Your instructions: Copying rule for the data below: pictures stay out, and only the lines from the one with "쓰레기 배출 공간은 말레이시아의" down to the one with "Technical specifications: Alkalmas: Tork", inclusive, are repeated exactly.

Information provided:
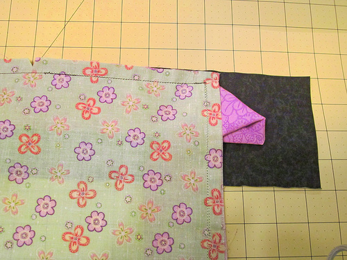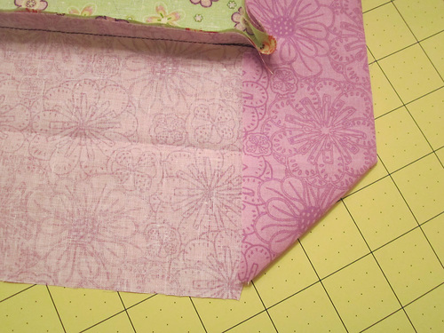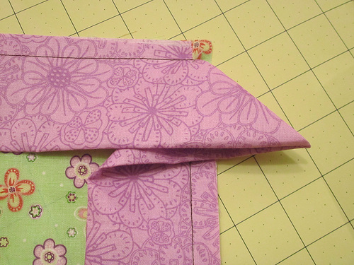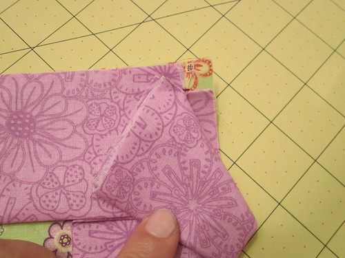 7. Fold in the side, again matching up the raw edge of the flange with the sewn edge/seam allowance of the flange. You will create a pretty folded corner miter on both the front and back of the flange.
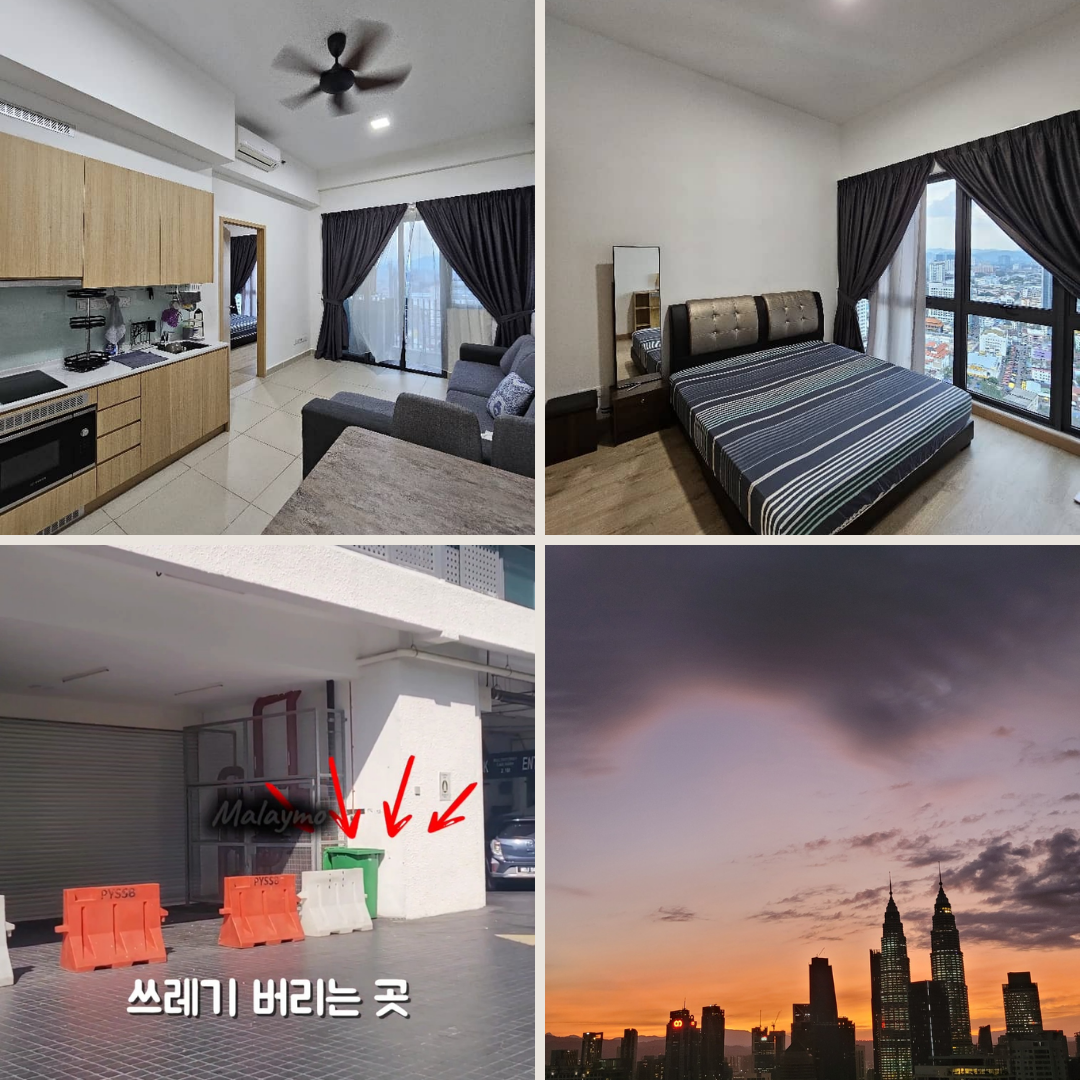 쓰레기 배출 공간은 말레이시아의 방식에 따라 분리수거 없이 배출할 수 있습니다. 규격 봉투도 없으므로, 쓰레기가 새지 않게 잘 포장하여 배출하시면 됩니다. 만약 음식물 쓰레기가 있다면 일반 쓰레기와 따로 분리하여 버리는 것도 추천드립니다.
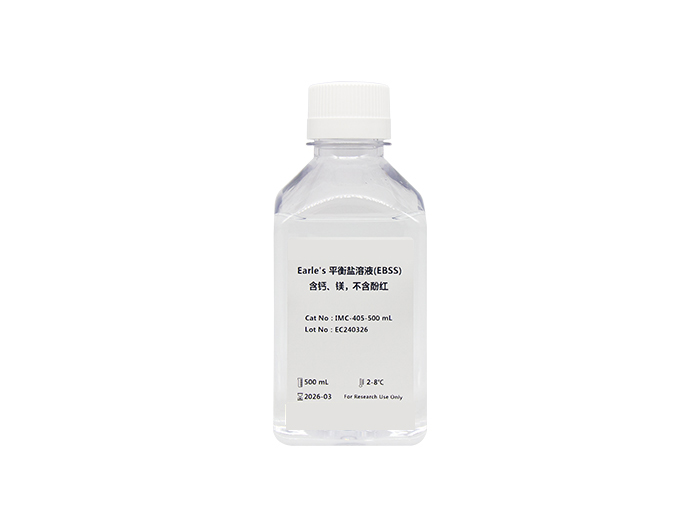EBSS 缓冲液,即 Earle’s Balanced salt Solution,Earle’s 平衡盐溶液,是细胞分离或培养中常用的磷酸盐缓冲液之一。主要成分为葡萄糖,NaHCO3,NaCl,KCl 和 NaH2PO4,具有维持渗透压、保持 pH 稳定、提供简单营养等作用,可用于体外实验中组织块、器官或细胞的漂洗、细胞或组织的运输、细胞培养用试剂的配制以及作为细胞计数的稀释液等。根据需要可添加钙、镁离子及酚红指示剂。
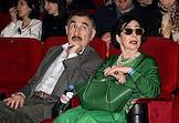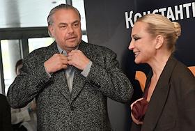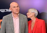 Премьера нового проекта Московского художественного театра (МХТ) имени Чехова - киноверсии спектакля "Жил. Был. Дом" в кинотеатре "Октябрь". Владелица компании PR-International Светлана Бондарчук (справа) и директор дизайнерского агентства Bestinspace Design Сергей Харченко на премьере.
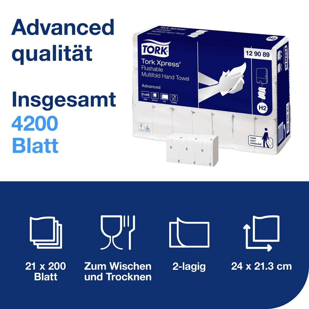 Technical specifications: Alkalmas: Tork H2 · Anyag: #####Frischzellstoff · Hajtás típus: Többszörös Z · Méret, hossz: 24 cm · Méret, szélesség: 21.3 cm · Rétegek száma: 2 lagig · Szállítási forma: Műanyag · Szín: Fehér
---
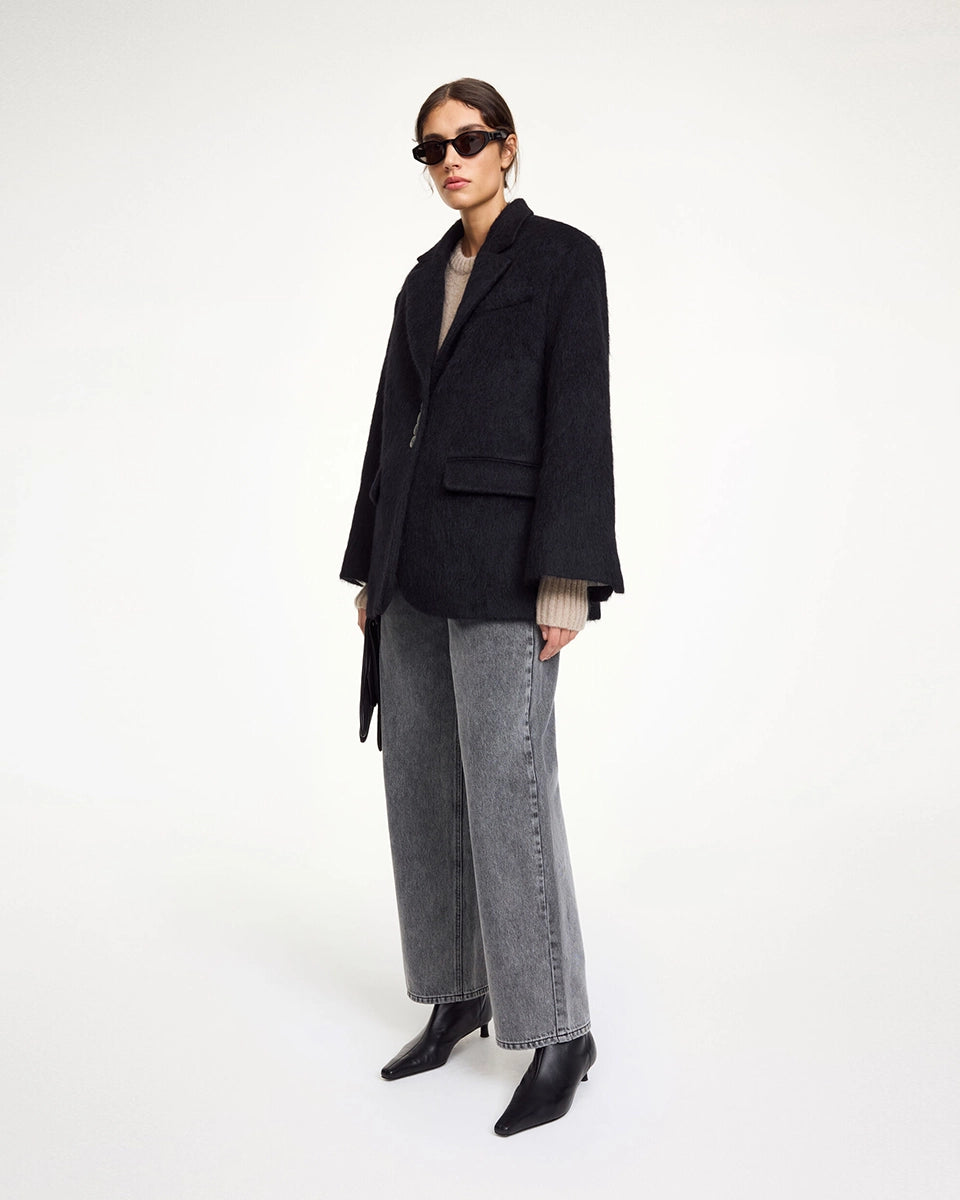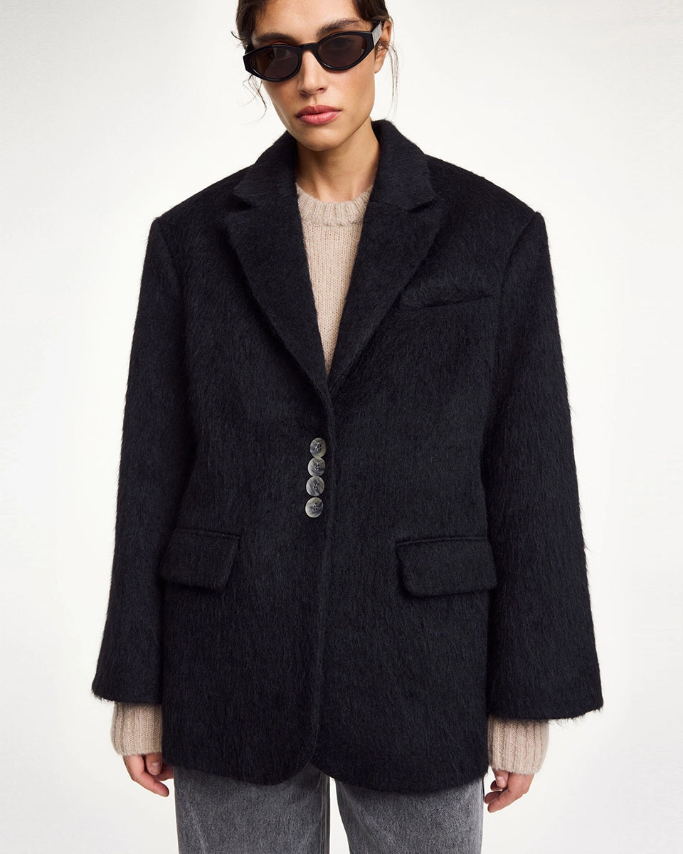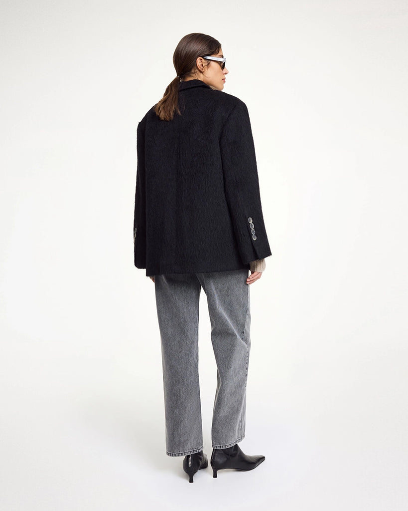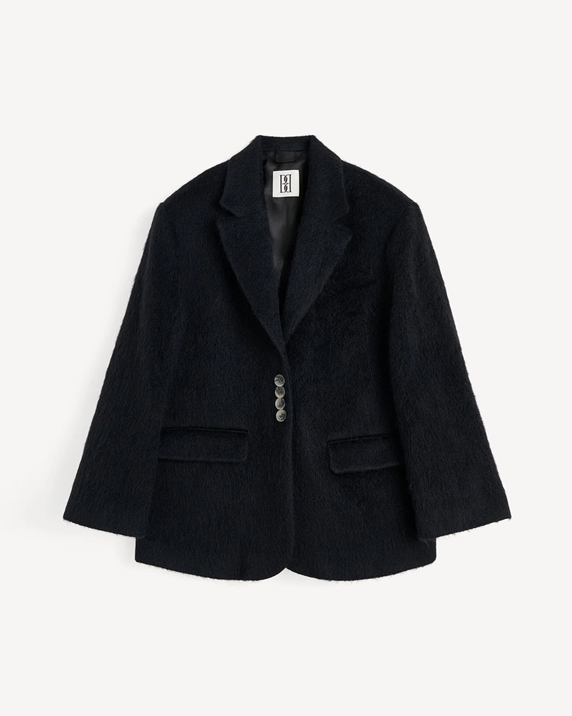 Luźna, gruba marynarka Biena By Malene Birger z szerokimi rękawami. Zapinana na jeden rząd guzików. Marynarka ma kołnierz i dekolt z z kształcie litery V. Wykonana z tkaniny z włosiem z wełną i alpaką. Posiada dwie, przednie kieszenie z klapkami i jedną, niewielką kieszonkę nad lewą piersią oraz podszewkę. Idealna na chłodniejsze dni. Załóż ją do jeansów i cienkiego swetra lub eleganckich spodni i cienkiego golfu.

Output below:
 쓰레기 배출 공간은 말레이시아의 방식에 따라 분리수거 없이 배출할 수 있습니다. 규격 봉투도 없으므로, 쓰레기가 새지 않게 잘 포장하여 배출하시면 됩니다. 만약 음식물 쓰레기가 있다면 일반 쓰레기와 따로 분리하여 버리는 것도 추천드립니다.
EBSS 缓冲液,即 Earle’s Balanced salt Solution,Earle’s 平衡盐溶液,是细胞分离或培养中常用的磷酸盐缓冲液之一。主要成分为葡萄糖,NaHCO3,NaCl,KCl 和 NaH2PO4,具有维持渗透压、保持 pH 稳定、提供简单营养等作用,可用于体外实验中组织块、器官或细胞的漂洗、细胞或组织的运输、细胞培养用试剂的配制以及作为细胞计数的稀释液等。根据需要可添加钙、镁离子及酚红指示剂。
 Премьера нового проекта Московского художественного театра (МХТ) имени Чехова - киноверсии спектакля "Жил. Был. Дом" в кинотеатре "Октябрь". Владелица компании PR-International Светлана Бондарчук (справа) и директор дизайнерского агентства Bestinspace Design Сергей Харченко на премьере.
 Technical specifications: Alkalmas: Tork H2 · Anyag: #####Frischzellstoff · Hajtás típus: Többszörös Z · Méret, hossz: 24 cm · Méret, szélesség: 21.3 cm · Rétegek száma: 2 lagig · Szállítási forma: Műanyag · Szín: Fehér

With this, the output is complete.